STORED DATA
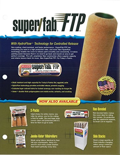 Shed-resistant and high capacity For Today's Paints; flat, eggshell, satin. Hydro Flow technology provides controlled release, presents sagging. Exclusive lager-colored fabric for fastest coverage, non-matting for longer life. Green double -thick polypropylene core resists water, solvents and cracking. Super Fab, 4" x 1/2", Shed Resistant Roller Cover, High Capacity, Flat, Eggshell, Satin, Hydro Flow Technology Provides Controlled Release, Prevents Sagging, Exclusive Lager Colored Fabric For Fastest Coverage, Non-Matting For Longer Life, Green Double Thick Polypropylene Core Resists Water, Solvents & Cracking.
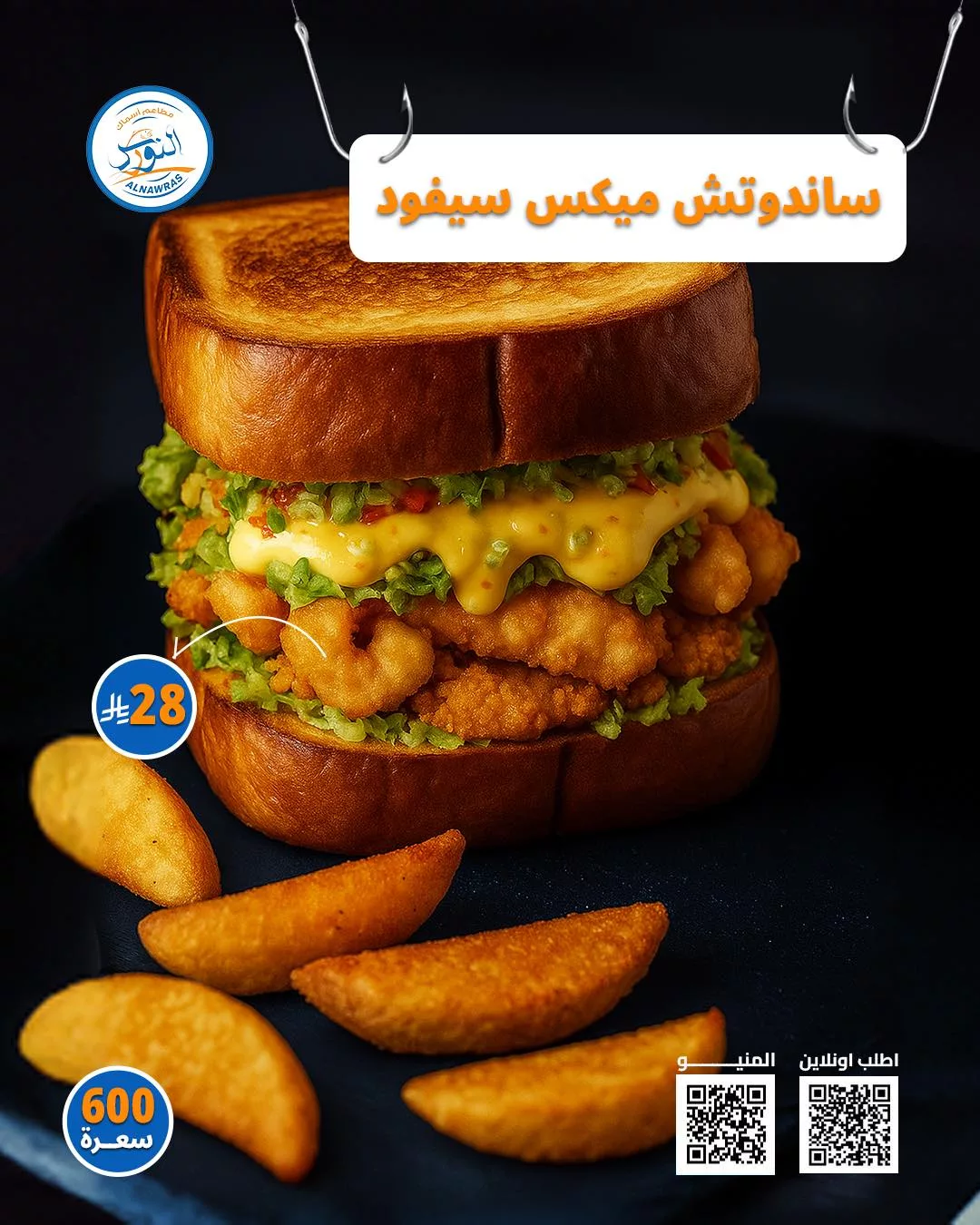 عروض المطاعم في السعودية تشهد دائمًا تنافسًا قويًا لجذب الزبائن عبر ابتكارات مميزة ومذاقات لا تُقاوم، ومن بين هذه العروض البارزة يظهر عرض “خصم السهرانين” من مطاعم النورس للمأكولات البحرية كخيار لا يُفوّت لعشاق الساندوتشات البحرية والمقلية، حيث يقدم تجربة طعام فريدة بمذاقات جمبري، فيليه، وميكس سي فود الفاخرة بأسعار منافسة مع عرض مغري يتضمن الحصول على ساندوتش مجاني عند شراء أي ساندوتش من القائمة
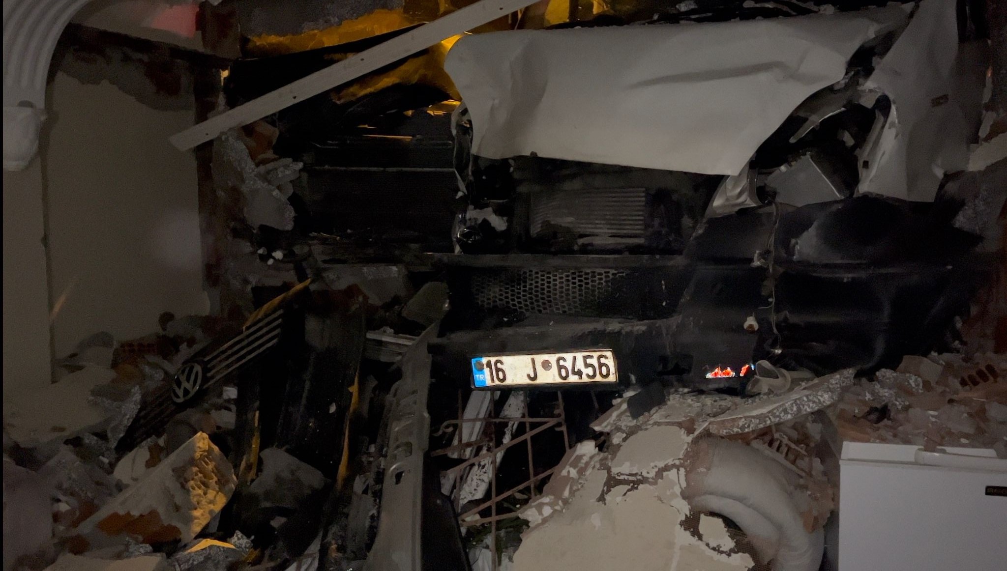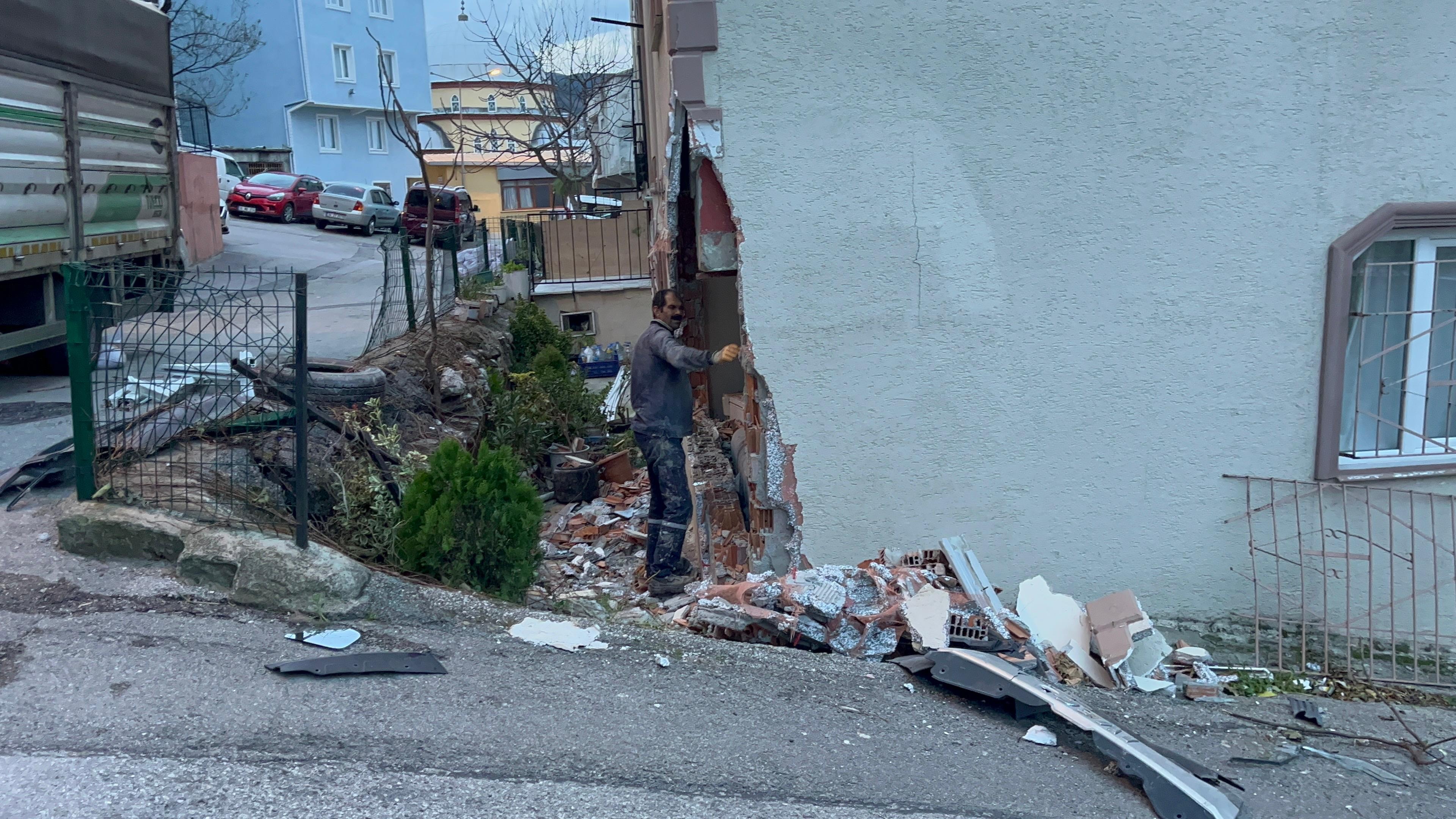 Kamyonet, önünde sürüklediği minibüsle 4 katlı apartmanın giriş katındaki dairenin salonuna girdi. Binada oturanlar gürültüyle uyanıp ihbarda bulundu.
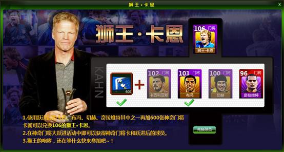 1、玩家必须通过神奇门将大跃进活动,将卡西利亚斯、布冯、切赫、奇拉维特其中一位进行跃进,并且再加600张神奇门将卡就可以兑换初始能力106狮王·卡恩。兑换后,保留等级、突破积分、世界杯积分、激情训练点,但会卸下训练点。
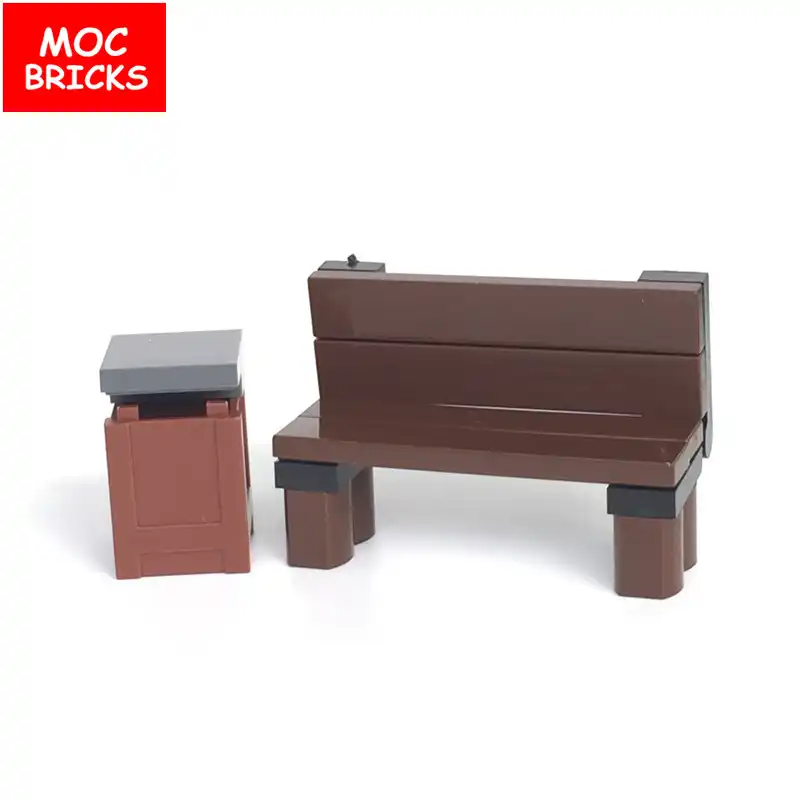 5sets Lot Moc Bricks Diy Park Brown Bench Chair Trash Can Toys

WHAT IS REQUIRED
Transcribe the entries from their first line to the line that holds "1、玩家必须通过神奇门将大跃", both included, and skip every picture.

OUTPUT BELOW
 Shed-resistant and high capacity For Today's Paints; flat, eggshell, satin. Hydro Flow technology provides controlled release, presents sagging. Exclusive lager-colored fabric for fastest coverage, non-matting for longer life. Green double -thick polypropylene core resists water, solvents and cracking. Super Fab, 4" x 1/2", Shed Resistant Roller Cover, High Capacity, Flat, Eggshell, Satin, Hydro Flow Technology Provides Controlled Release, Prevents Sagging, Exclusive Lager Colored Fabric For Fastest Coverage, Non-Matting For Longer Life, Green Double Thick Polypropylene Core Resists Water, Solvents & Cracking.
 عروض المطاعم في السعودية تشهد دائمًا تنافسًا قويًا لجذب الزبائن عبر ابتكارات مميزة ومذاقات لا تُقاوم، ومن بين هذه العروض البارزة يظهر عرض “خصم السهرانين” من مطاعم النورس للمأكولات البحرية كخيار لا يُفوّت لعشاق الساندوتشات البحرية والمقلية، حيث يقدم تجربة طعام فريدة بمذاقات جمبري، فيليه، وميكس سي فود الفاخرة بأسعار منافسة مع عرض مغري يتضمن الحصول على ساندوتش مجاني عند شراء أي ساندوتش من القائمة
 Kamyonet, önünde sürüklediği minibüsle 4 katlı apartmanın giriş katındaki dairenin salonuna girdi. Binada oturanlar gürültüyle uyanıp ihbarda bulundu.
 1、玩家必须通过神奇门将大跃进活动,将卡西利亚斯、布冯、切赫、奇拉维特其中一位进行跃进,并且再加600张神奇门将卡就可以兑换初始能力106狮王·卡恩。兑换后,保留等级、突破积分、世界杯积分、激情训练点,但会卸下训练点。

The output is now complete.